• _RECORDED INFORMATION_
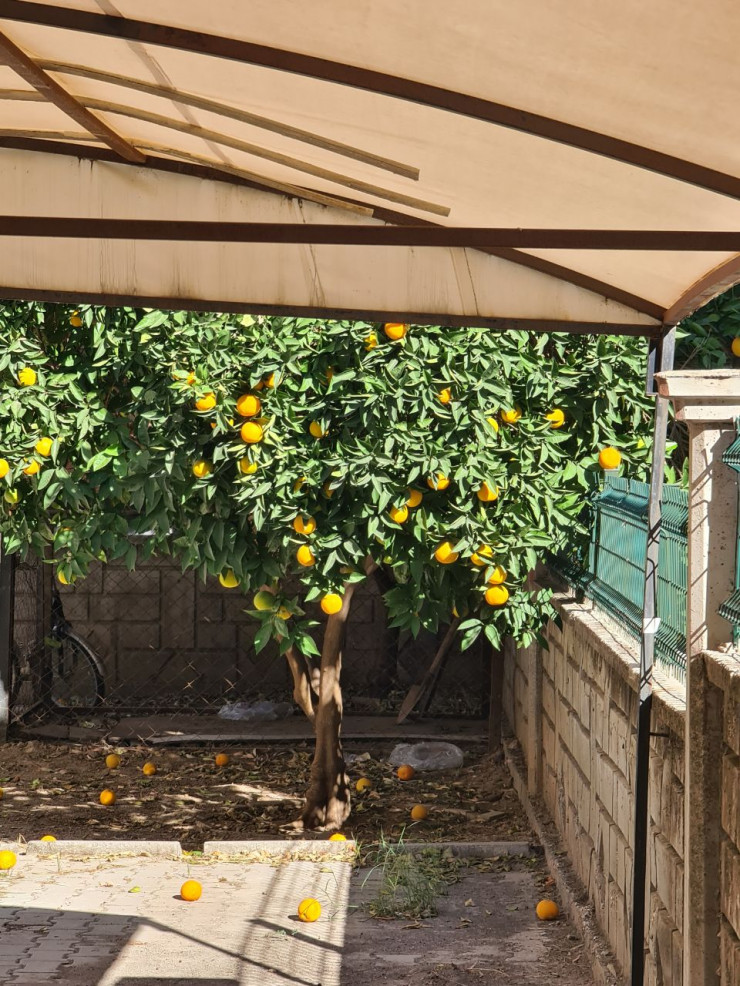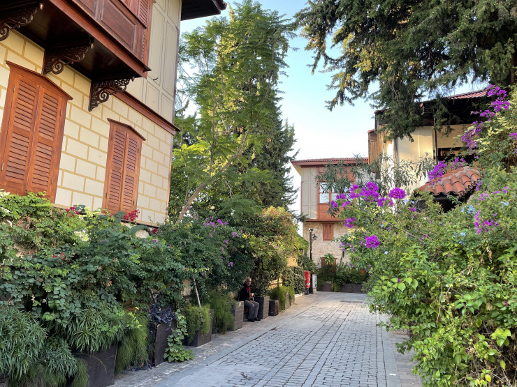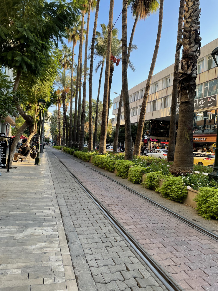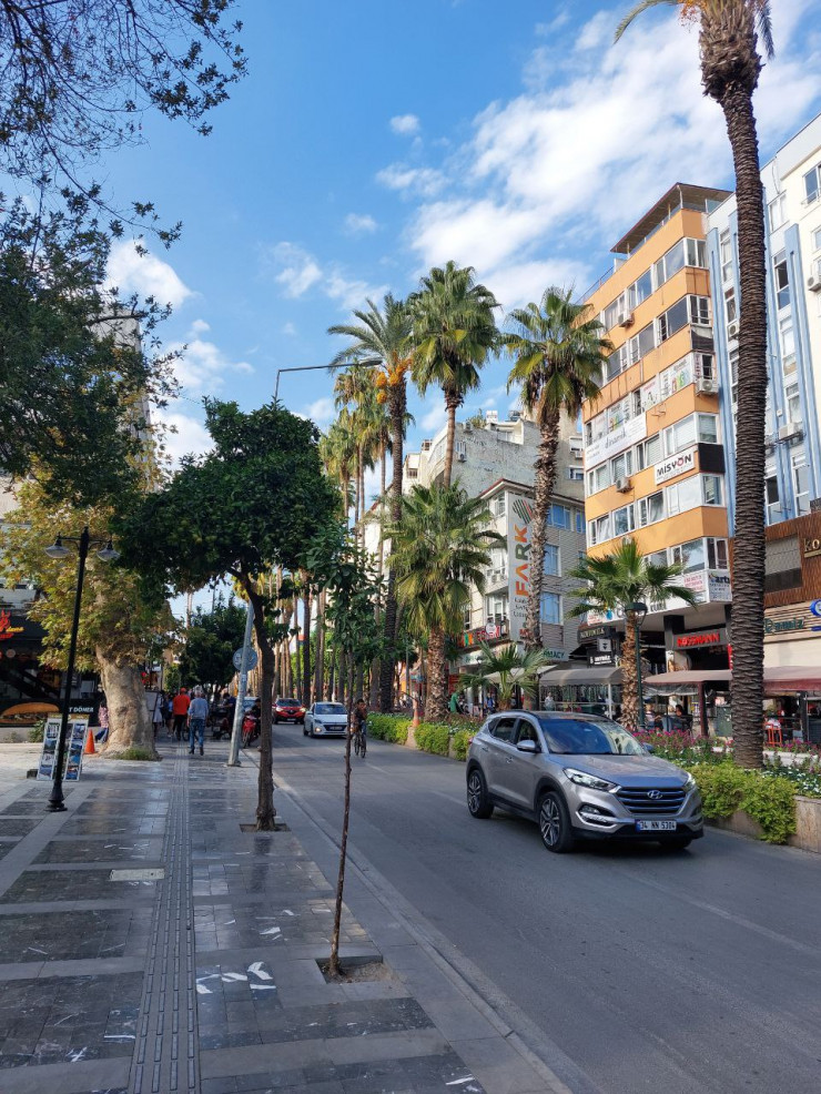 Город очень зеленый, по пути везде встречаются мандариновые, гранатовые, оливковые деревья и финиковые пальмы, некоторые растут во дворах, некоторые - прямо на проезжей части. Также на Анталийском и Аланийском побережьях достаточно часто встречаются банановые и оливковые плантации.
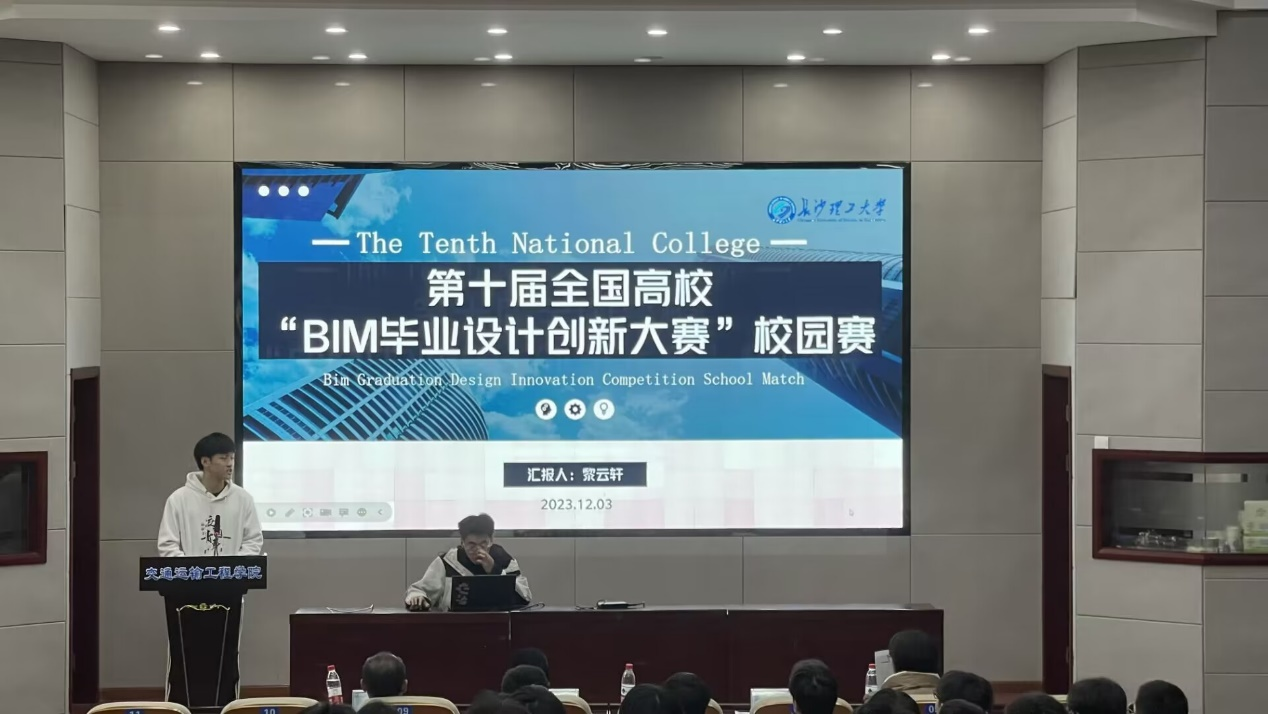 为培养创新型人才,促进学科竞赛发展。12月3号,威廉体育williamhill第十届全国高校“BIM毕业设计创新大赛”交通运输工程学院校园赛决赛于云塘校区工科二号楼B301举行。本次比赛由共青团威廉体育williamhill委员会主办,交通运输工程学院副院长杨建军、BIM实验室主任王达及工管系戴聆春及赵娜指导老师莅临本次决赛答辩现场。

---

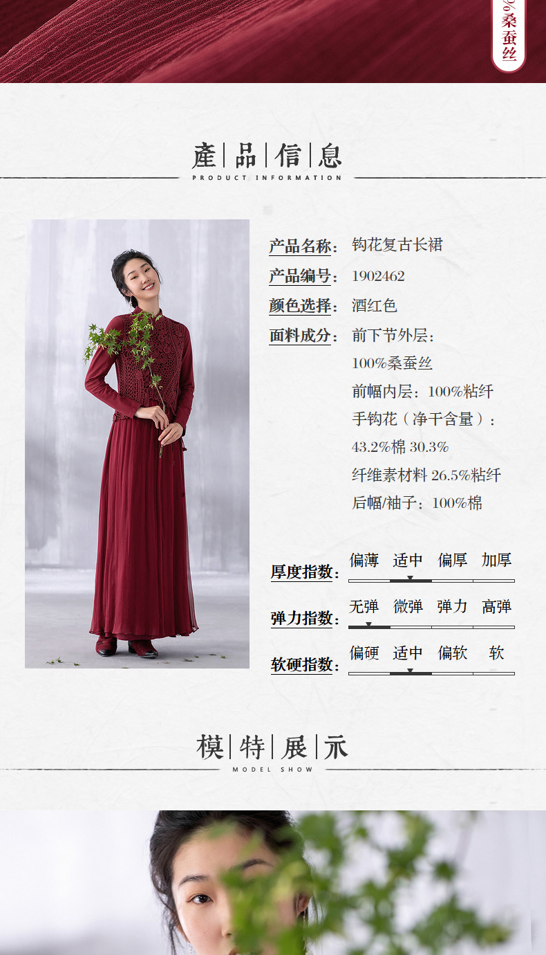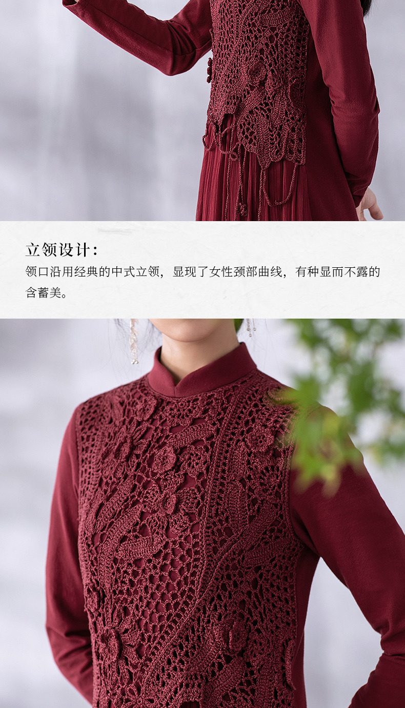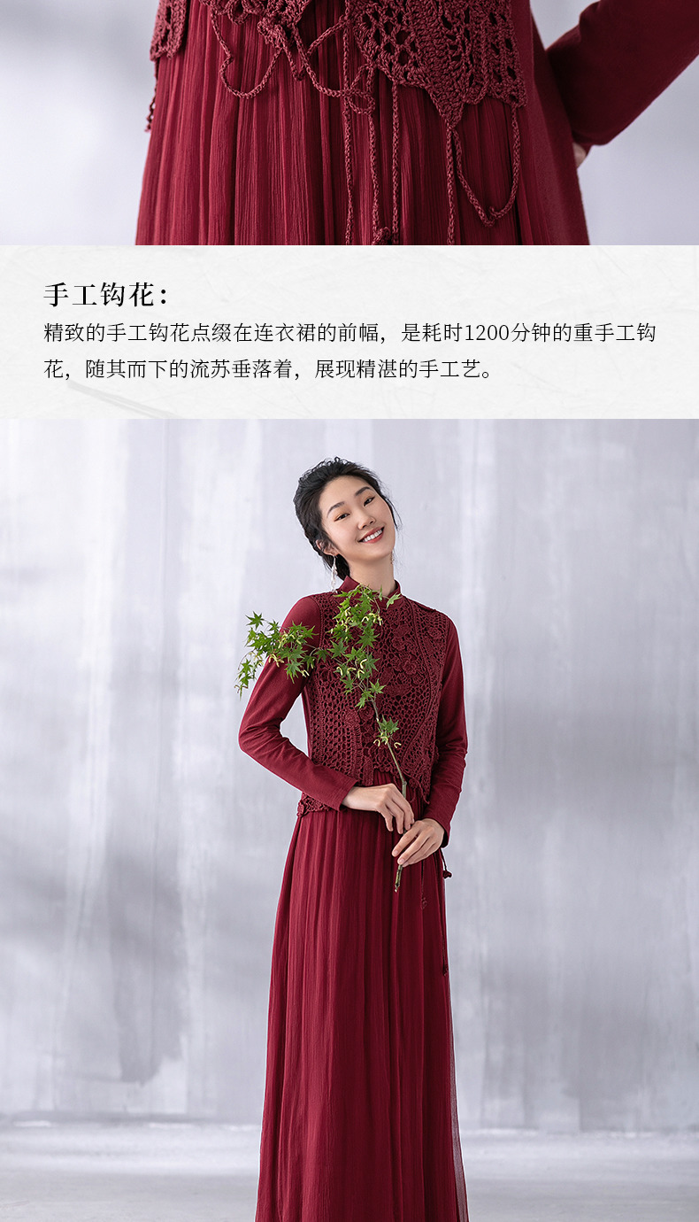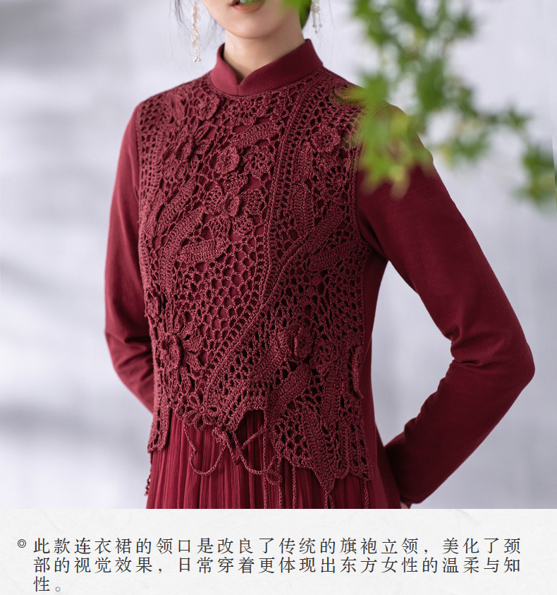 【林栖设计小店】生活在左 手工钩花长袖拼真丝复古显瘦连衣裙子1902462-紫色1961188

...

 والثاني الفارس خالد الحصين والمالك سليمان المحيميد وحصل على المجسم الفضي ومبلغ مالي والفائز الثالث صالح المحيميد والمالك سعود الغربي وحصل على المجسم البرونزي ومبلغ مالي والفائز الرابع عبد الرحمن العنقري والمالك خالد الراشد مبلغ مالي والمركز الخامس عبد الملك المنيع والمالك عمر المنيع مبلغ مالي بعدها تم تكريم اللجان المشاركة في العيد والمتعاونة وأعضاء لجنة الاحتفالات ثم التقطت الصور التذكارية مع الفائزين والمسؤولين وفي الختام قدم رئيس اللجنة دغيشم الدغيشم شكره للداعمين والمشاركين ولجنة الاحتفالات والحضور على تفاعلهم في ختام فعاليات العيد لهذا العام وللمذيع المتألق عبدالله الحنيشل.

• _WORK REQUIRED_
All lines above starting at the one with "Город очень зеленый, по" and ending at the one with "为培养创新型人才,促进学科竞", inclusive, are to be printed again exactly, with the pictures left out.

• _RESULT_
 Город очень зеленый, по пути везде встречаются мандариновые, гранатовые, оливковые деревья и финиковые пальмы, некоторые растут во дворах, некоторые - прямо на проезжей части. Также на Анталийском и Аланийском побережьях достаточно часто встречаются банановые и оливковые плантации.
 为培养创新型人才,促进学科竞赛发展。12月3号,威廉体育williamhill第十届全国高校“BIM毕业设计创新大赛”交通运输工程学院校园赛决赛于云塘校区工科二号楼B301举行。本次比赛由共青团威廉体育williamhill委员会主办,交通运输工程学院副院长杨建军、BIM实验室主任王达及工管系戴聆春及赵娜指导老师莅临本次决赛答辩现场。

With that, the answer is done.